プール育ちの子供達は、昨年、壱岐へ旅行した際に、きれいな海を目の前にして、「海はベタベタするからいやだ。プールで泳ぎたい。」と言いました。わたしの心にはそれが少し引っかかっていたんですね。だから今年の沖縄旅行では、海で泳ぐのではなく、一緒に泳げればいいと、少しハードルを下げることにしました。
前置きが長くなりましたが、今回の沖縄旅行はヒューイットリゾート那覇でも、沖縄かりゆしビーチリゾートオーシャンでも、朝夕と2回ずつ泳ぎ、身体を水の中にくゆらせ、ぷかぷかと水の中特有の浮遊感を堪能しました。
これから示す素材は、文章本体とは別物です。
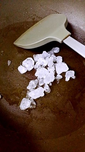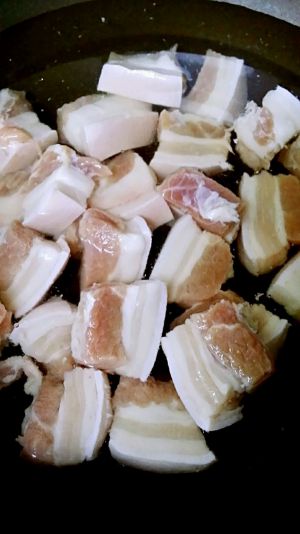 挑选几块比较肥的五花肉放入锅中煸炒,记住不需要放油,煸出油后将其盛出备用。

息を止めて水の中に潜っていると、外の世界と切り離されて、頭の中を忙しくかけめぐる雑念が消えていきます。
しかし、毎度毎度プール付きホテルに泊まるのは高くつくので、3日目は個人経営のプールがないシンプルな宿に泊まりました。
子どもたちは持ってきたiPadで動画を見てゆっくり過ごすのかな、私だけ海辺を散歩しようかな、と考えていたところ、娘が宿の目の前にある海を見て言いました。
「海がきれい。泳ぎたい。」
去年と今年で、彼女の目にうつったものがどう変わり、そのような言葉が出たのか私には分かりません。
でも嬉しかったですね。
娘は別に海がきらい、だったわけではない。
同じ経験をするとしても、受け入れる側の成熟度やその日のコンディションでどう感じるかは当然違うし、ボキャブラリーの少ない子供は感じた気持ちを表現する術を持ちません。
「いやだ」「きらい」といった単純な言葉で表現されたそれを、大人側がまるっと受け取り、この子はこういう嗜好の子なんだ、と決めつけるのは良くないな。と改めて思いました。
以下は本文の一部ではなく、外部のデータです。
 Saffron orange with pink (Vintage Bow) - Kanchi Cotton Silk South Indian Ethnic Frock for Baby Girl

プールで泳ぐのか、海で泳ぐのか、そんなことはどちらでもよい。彼らが私と一緒に旅に出ることを嫌がるまでは、時に厳しい意見で鼻をへし折られながらも色々な経験を一緒にしていこう。
小さな魚の泳ぐしょっぱい水に身体をひたし、顔をつけて目がいたいいたいと騒ぎ、手を繋いでぷかぷかと水面に浮かんだ経験は、この夏のわたしの大切な想い出です。